Segment Start: The records
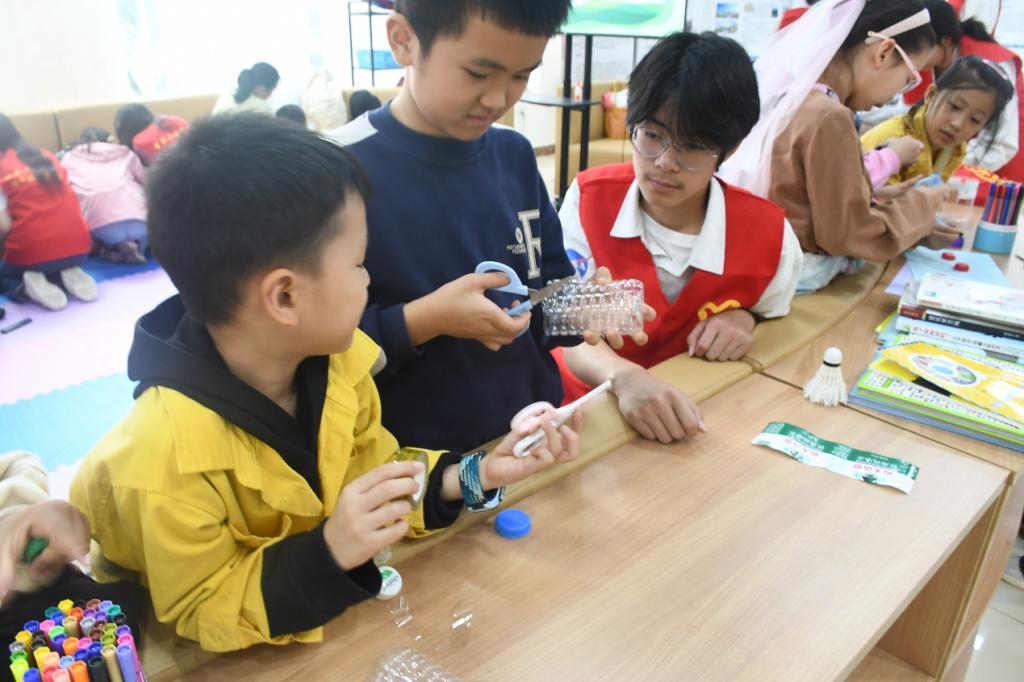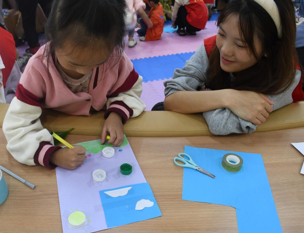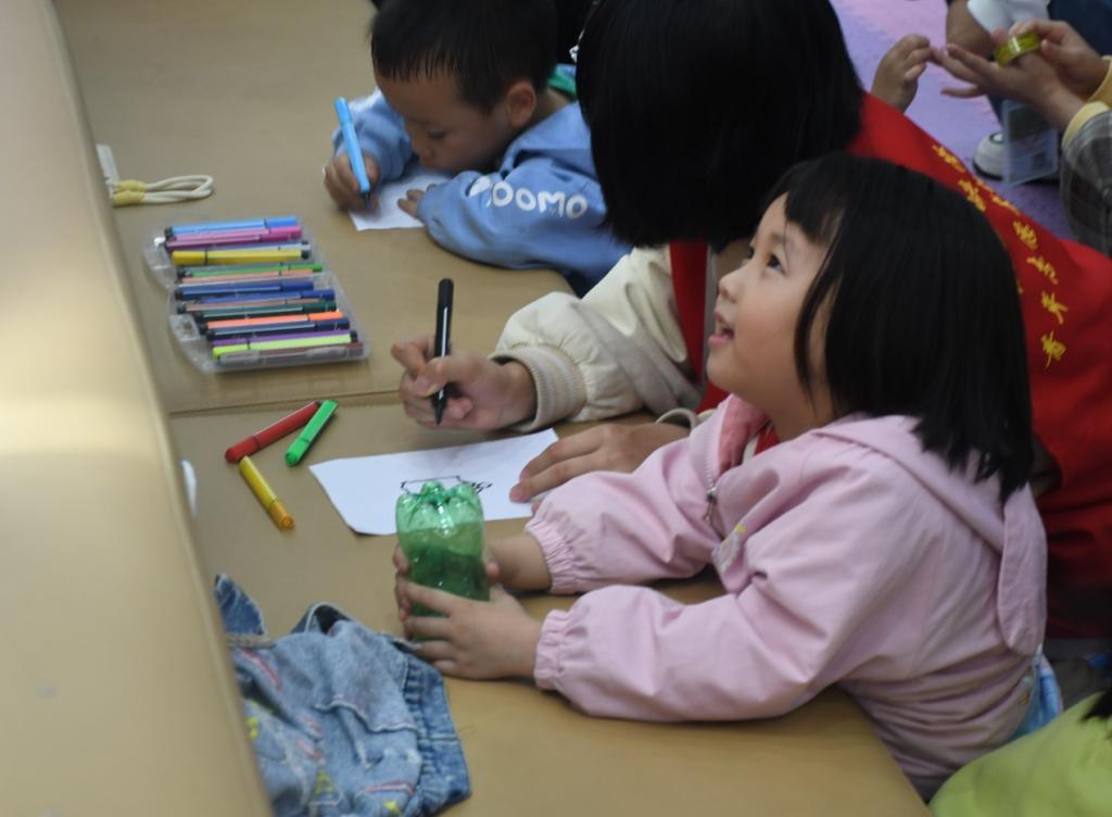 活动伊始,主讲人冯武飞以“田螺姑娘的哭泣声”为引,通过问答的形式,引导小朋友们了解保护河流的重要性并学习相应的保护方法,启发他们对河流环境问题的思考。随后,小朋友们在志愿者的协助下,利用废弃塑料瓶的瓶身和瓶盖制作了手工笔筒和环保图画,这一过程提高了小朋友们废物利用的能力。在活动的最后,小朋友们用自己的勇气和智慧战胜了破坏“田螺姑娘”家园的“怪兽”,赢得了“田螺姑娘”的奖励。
Segment End: The records
Segment Start: The records
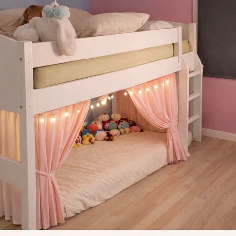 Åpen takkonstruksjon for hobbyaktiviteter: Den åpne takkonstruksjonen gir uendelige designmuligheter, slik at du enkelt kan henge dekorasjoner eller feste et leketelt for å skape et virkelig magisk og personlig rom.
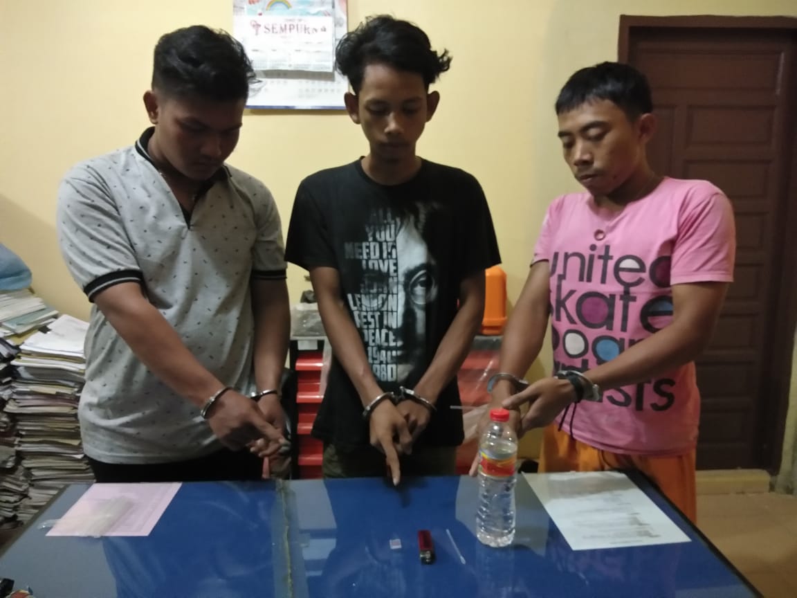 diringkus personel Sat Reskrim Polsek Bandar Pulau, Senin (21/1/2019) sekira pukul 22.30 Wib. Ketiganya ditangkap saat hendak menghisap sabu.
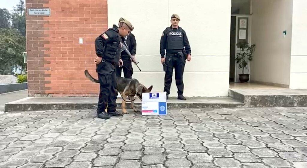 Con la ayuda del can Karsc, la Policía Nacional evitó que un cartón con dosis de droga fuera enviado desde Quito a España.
Segment End: The records
§ Work order
Go to the line above that contains "Åpen takkonstruksjon for" and reproduce everything exactly from there through the line that contains "diringkus personel Sat", leaving out the pictures.

§ Completed exercise
 Åpen takkonstruksjon for hobbyaktiviteter: Den åpne takkonstruksjonen gir uendelige designmuligheter, slik at du enkelt kan henge dekorasjoner eller feste et leketelt for å skape et virkelig magisk og personlig rom.
 diringkus personel Sat Reskrim Polsek Bandar Pulau, Senin (21/1/2019) sekira pukul 22.30 Wib. Ketiganya ditangkap saat hendak menghisap sabu.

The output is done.